19 June 2018
On 14th June 2018 the Scottish Government published its draft Bill for setting the Discount Rate, together with the introduction of Periodical Payment Orders (“PPOs”) in personal injury damages actions. The Parliamentary timetable for introduction of the Bill is yet to be published, however, it will face three stages of legislative scrutiny before being passed into law.
The aim of the Bill is to provide a transparent, fair and credible manner by which to set the personal injury Discount Rate. The stated aim of the Bill is to address concerns that the process by which the rate has been set lacks transparency and was not reviewed frequently enough.
In brief, the key points are as follows:-
- To introduce a Discount Rate assessed by the Scottish Government’s official rate assessor.

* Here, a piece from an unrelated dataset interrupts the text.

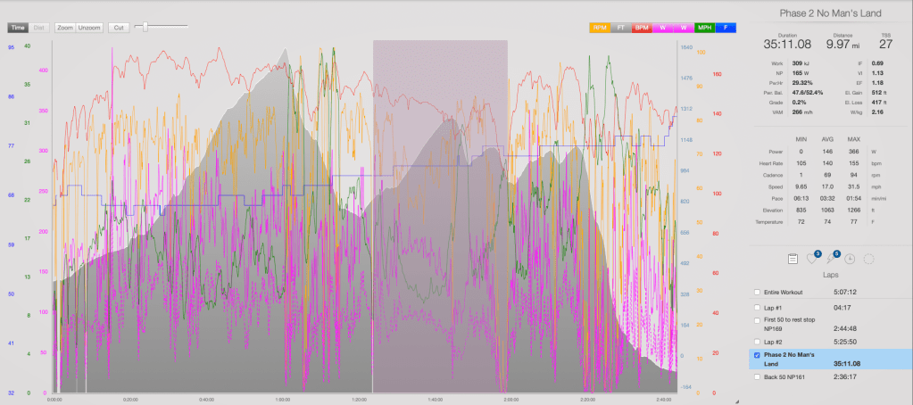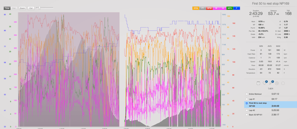 First 2 hours 43 minutes – 53 miles 189 watts Normalized power (2.8 w/kg)

- The methodology to be applied to the Discount Rate is intended to reflect the rate of return that could reasonably be expected to be achieved by investing in a notional investment portfolio (a combination of cash, nominal gilts, index-linked gilts, UK / overseas equities or property) for 30 years.

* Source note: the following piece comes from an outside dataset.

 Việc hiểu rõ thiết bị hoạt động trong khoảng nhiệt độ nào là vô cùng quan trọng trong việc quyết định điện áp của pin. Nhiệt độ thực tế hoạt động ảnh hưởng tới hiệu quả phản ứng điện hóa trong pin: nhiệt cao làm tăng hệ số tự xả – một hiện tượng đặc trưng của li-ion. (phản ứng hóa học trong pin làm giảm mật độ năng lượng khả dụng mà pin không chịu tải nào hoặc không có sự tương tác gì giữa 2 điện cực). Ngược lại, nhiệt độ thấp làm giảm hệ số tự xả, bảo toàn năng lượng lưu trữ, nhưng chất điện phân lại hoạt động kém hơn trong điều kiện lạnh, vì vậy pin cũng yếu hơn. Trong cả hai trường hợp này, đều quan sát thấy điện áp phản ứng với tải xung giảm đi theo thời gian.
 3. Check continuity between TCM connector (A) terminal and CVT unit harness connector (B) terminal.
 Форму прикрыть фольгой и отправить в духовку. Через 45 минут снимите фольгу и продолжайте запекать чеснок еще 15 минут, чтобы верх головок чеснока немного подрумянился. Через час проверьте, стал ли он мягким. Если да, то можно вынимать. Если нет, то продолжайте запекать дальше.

- The Courts shall be required to take into account the rate assessed by the Scottish Government’s official rate assessor.
- It seeks to allow the Courts to apply a different rate if a party to the action shows that a different rate is more appropriate.
- The rate must be reviewed every three years.
- The Courts shall be required to consider whether, in cases involving awards for future pecuniary loss, an order should be made that the future loss payments take the form of a PPO.
- It also proposes to allow the Courts to make a PPO order with or without the consent of the parties.
The Bill ostensibly seeks to mirror developments in England and Wales where the corresponding Civil Liability Bill is currently before UK Parliament. That Bill deals with the methodology underpinning the setting of the discount rate in England and Wales alone. The suggestion is that the first review of the discount rate in England and Wales is not expected until closer to the end of 2019 and the precise timing of that will depend upon when the Civil Liability Bill is brought into force.
It remains to be seen whether the Scottish Government will seek to follow Westminster’s suit in adopting its methodology underpinning the setting of the rate or the Discount Rate itself. It also remains to be seen whether the Scottish Bill will seek to follow the UK Government’s legislative timescale, bearing in mind that the corresponding Civil Liability Bill is further down the legislative path than the Scottish Bill.
BTO will be closely monitoring the progress of the Bill as it progresses through the various parliamentary stages of scrutiny and will issue further updates as matters develop.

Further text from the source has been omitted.